### AVAILABLE DATA
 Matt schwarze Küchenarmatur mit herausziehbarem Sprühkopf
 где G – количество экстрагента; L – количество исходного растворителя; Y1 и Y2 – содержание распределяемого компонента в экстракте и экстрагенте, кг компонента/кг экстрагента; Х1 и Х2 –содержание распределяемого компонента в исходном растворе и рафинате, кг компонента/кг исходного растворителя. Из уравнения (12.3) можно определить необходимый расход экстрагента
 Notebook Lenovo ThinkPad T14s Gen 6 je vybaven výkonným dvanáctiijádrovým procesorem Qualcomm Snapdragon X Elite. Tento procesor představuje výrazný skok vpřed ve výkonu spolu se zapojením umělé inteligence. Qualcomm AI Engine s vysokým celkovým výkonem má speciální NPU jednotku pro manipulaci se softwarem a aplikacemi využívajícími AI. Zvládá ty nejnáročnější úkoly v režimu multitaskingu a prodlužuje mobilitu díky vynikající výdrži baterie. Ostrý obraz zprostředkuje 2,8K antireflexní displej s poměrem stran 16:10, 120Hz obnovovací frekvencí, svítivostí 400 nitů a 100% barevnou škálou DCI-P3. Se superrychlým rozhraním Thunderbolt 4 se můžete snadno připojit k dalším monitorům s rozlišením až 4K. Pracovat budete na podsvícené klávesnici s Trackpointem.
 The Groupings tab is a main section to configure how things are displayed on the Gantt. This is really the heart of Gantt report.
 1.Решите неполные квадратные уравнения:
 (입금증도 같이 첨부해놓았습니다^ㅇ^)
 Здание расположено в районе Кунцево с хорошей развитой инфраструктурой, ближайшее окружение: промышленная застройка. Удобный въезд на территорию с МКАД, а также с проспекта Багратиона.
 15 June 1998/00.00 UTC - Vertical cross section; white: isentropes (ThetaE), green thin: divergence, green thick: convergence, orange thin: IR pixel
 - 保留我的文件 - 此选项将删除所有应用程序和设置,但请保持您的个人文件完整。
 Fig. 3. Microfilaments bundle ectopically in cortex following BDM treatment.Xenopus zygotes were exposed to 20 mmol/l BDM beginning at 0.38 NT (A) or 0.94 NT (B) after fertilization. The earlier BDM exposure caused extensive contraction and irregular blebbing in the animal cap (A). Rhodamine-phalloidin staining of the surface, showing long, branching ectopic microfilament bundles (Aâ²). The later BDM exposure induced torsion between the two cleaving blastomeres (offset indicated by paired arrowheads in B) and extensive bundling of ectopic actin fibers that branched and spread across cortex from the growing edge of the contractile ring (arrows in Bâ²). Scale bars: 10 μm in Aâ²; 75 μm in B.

### PROBLEM DETAILS
How many of the lines above contain the string "section"? Give the number only.

### ANSWER TO THE EXERCISE
2